9 Следующие два случая использования данной фигуры встречаются в двух соседних строфах «Оды на прибытие Елисаветы Петровны из Москвы в Санкт-Петербург 1742 года по коронации», в сценах описания русско-шведской войны 1741–1742 годов:
10 Там кони бурными ногами Взвивают к небу прах густой, Там смерть меж Готфскими полками Бежит ярясь из строя в строй, И алчну челюсть отверзает, И хладны руки простирает, Их гордый исторгая дух; Там тысящи валятся вдруг. Но естьли хочешь видеть ясно, Коль Росско воинство ужасно,
11 Взойди на брег крутой высоко, Где кончится землею понт; Простри свое чрез воды око, Коль много обнял Горизонт; Внимай, как Юг пучину давит, С песком мутит, зыбь на зыбь ставит, Касается морскому дну, На сушу гонит глубину И с морем дождь и град мешает: Так Росс противных низлагает. [Ломоносов 2011: 8, 81–82]
12 В этой же оде находим еще один случай двойного полиптота при описании одического «исступления» и «сопряжения далековатых идей»:
13 Какая бодрая дремота Открыла мысли явный сон? Еще горит во мне охота Торжественный возвысить тон. Мне вдруг ужасный гром блистает, И купно ясный день сияет! То сердце сильна власть страшит, То кротость оное живит, То бодрость страх, то страх ту клонит: Противна страсть противну гонит! [Ломоносов 2011: 8, 88]
14 Повтор существительного страх в 9 строке данной строфы формирует риторическую фигуру антиметаболы, которую Ломоносов в «Кратком руководстве к красноречию» называет пременением: «Пременение есть когда преложением речений противные идеи производятся. Пример из 2 Димосфенова олинфического слова: Весьма погрешаете вы, афинеане, что чрез тое надеетесь произвести счастие из несчастия, чрез что из счастия несчастие сделалось. Сюда принадлежит и следующее: Ежели ты что хорошее сделаешь с трудом, труд минется, а хорошее останется, а ежели сделаешь что худое с услаждением, услаждение минется, а худое останется. Также и сие: Не для того мы живем на свете, чтобы насыщаться, но для того насыщаемся, чтобы жить» [Ломоносов 2011: 7, 220].

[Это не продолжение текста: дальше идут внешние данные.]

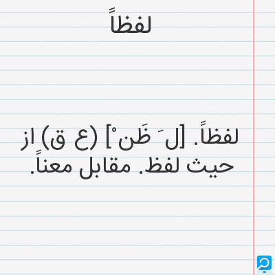 لفظاً. [ل َ ظَن ْ] (ع ق) از حیث لفظ. مقابل معناً.

15 Еще один двойной полиптот, использованный в связи с темой русско-шведской войны, обнаруживается в «Оде на день тезоименитства Петра Федоровича 1743 года»:
16 Под инну Трою вновь приступит Российский храбрый Ахиллес, Продерсский мечь врагов притупит, Хвалой взойдет к верьху небес. Отрада пойдет в след отраде В Петровом, свету страшном граде, И плески плескам весть дадут: Господь щедроты в нас пробавит И больше нас Тобой прославит, Как с трепетом враги падут. [Ломоносов 2011: 8, 97]

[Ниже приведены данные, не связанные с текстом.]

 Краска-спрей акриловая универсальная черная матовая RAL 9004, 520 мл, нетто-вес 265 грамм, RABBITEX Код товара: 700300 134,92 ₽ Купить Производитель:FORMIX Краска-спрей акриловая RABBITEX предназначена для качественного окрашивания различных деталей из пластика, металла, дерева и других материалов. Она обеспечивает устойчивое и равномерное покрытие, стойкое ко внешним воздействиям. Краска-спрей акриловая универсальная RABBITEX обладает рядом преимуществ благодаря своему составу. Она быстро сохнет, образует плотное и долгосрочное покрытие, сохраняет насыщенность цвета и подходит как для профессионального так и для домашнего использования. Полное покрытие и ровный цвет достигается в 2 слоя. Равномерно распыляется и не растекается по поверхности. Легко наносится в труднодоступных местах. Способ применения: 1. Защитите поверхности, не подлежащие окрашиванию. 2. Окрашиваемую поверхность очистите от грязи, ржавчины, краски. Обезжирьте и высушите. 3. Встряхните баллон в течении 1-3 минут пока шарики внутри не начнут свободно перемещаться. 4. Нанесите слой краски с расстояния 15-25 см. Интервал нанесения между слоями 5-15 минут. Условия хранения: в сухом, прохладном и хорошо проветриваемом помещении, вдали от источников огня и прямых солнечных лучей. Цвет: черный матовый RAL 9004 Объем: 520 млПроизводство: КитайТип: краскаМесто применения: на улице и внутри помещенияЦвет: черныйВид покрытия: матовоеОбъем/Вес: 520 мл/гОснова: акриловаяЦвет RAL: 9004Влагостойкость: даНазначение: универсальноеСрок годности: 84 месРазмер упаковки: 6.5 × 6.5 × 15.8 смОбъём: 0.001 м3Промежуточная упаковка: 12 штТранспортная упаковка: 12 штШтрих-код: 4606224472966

17 В «Оде на день восшествия на престол Елисаветы Петровны 1746 года» интересующая нас фигура трижды используется для изображения противопоставленной елизаветинскому времени мрачной эпохи Анны Иоанновны:
18 Нам в оном ужасе казалось, Что море в ярости своей С пределами небес сражалось, Земля стенала от зыбей, Что вихри в вихри ударялись, И тучи с тучами спирались, И устремлялся гром на гром И что надуты вод громады Текли покрыть пространны грады, Сравнять хребты гор с влажным дном. [Ломоносов 2011: 8, 125]
19 Анализируя эту строфу, Р. Николози писал: «Власть Анны Иоанновны – тьма, изгоняемая новой царицей. ...Время бироновщины представляет собой серьезную опасность возврата первоначального хаоса» [Николози 2009: 69].

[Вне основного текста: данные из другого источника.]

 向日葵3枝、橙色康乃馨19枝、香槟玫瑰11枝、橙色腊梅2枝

20 Далее в одической поэзии Ломоносова наступает перерыв в использовании полиптотов. Их нет в одах 1747, 1748, 1750, 1752, 1754 годов. Снова полиптот появляется только в «Оде на день рождения Елисаветы Петровны 1757 года», причем снова в связи с военной – а точнее, с антивоенной – темой:
21 Присяжны преступив союзы, Поправши нагло святость прав, Царям навергнуть тщится узы Желание чужих держав. Творец, воззри в концы вселенны, Воззри на земли утесненны, На помощь страждущим восстань, Позволь для общаго покою Под сильною Твоей рукою Воздвигнуть против брани брань. [Ломоносов 2011: 8, 572–573]
22 Наконец, последней одой, в которой Ломоносов использует эту фигуру, является «Ода Елисавете Петровне на день тезоименитства и на преславные ее победы, одержанные над королем Прусским 1759 года». Полиптот встречается в этой оде дважды, в пределах одной строфы, формируя кольцо:
23 С трофея на трофей ступая, Геройство Росское спешит. О Муза, к облакам взлетая, Представь их раздраженный вид! С железом сердце раскаленным, С Перуном руки устремленным, С Зарницей очи равны зрю! Противник, следуя Борею, Сказал: Я буйностью своею Удар ударом предварю. [Ломоносов 2011: 8, 591]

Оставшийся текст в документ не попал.